One finding was that DPT1, a measure of access to immunisation, was affected by exposure of caretakers to IEC materials that promoted RI, and that were provided by CMCs at the same time the CMCs were promoting participation in mass polio vaccination campaigns. Specifically, exposure to flash cards promoting RI during mothers' meetings or home visits by CMCs predicts an increase in DPT1 coverage of about 4%. These mothers' meetings and home visits were a key strategy to encourage caretakers to have their children vaccinated with polio during an upcoming mass campaign. However, while these IEC activities were helpful in increasing access to RI, "IEC activities do not appear sufficient to achieve high levels of routine immunization coverage. Longer term relationships, between caretakers and local health workers who are supportive of childhood immunizations, appear more important and may reflect issues of trust in the health system.
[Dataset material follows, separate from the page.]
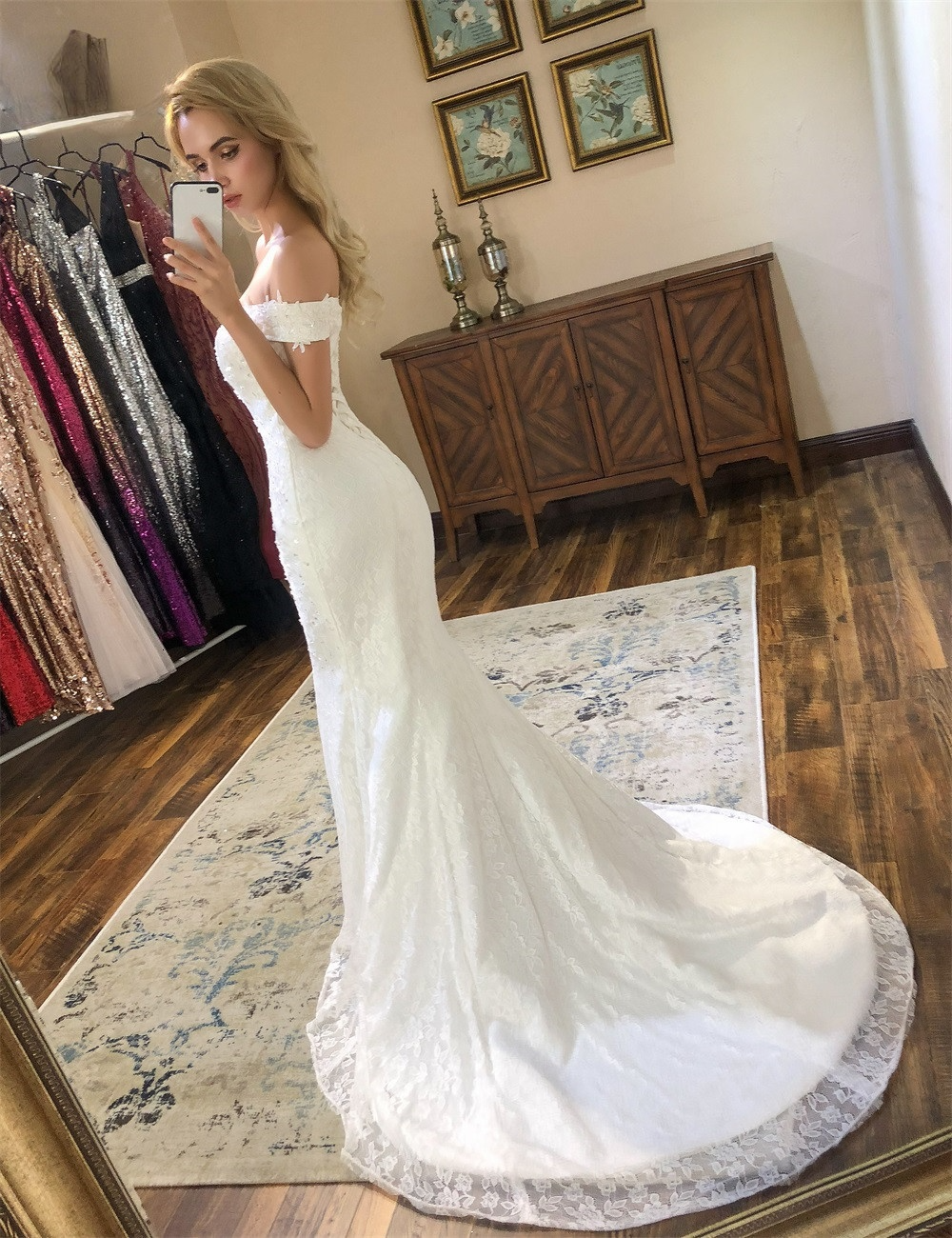 new style boat neck beautiful lace wedding dress Vestido de noiva Wedding gowns
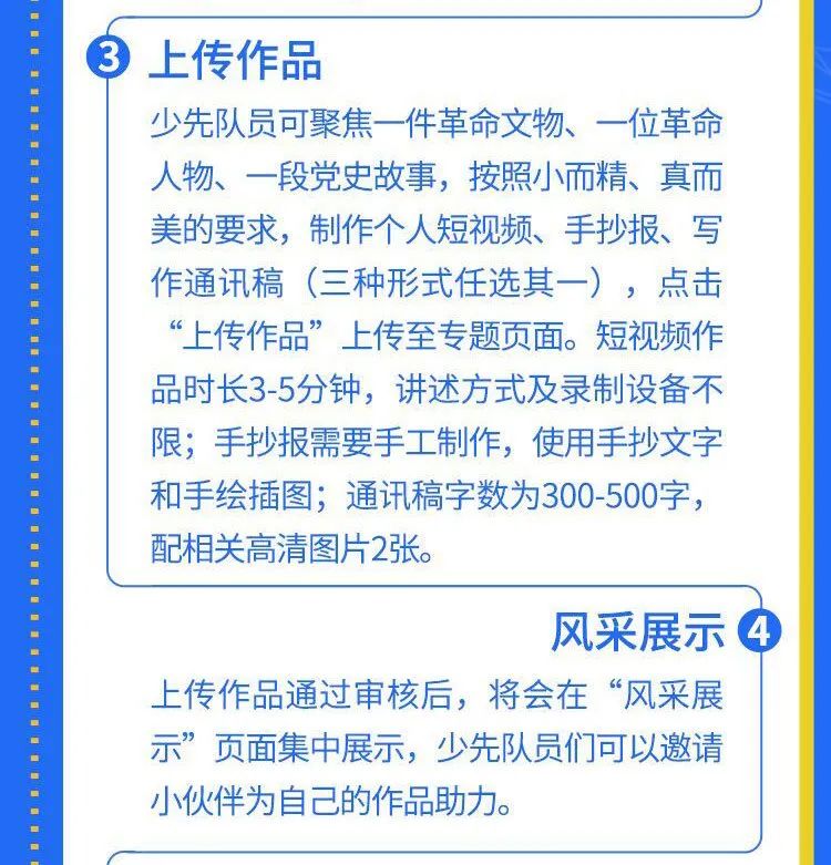 根据文件要求,今后这项实践体验活动将常态化开展,而从2021年4月起,获得“红领巾讲解员”电子身份认证卡的少先队员就可以开始上传作品。(上传方法请看上面的链接介绍)

Strategies for promotion of immunization in this setting need to be tailored to the religious and education background of caretakers."

In short, results show that immunisation coverage "has improved considerably over time at the state level and in CGPP areas. This occurred during a period of intense polio eradication efforts as evidenced with the interruption of polio transmission by the end of 2011. In addition, immunization coverage appears higher in CGPP program areas compared to state averages, even though these areas have a level of intensity of polio eradication efforts greater than in the rest of the state."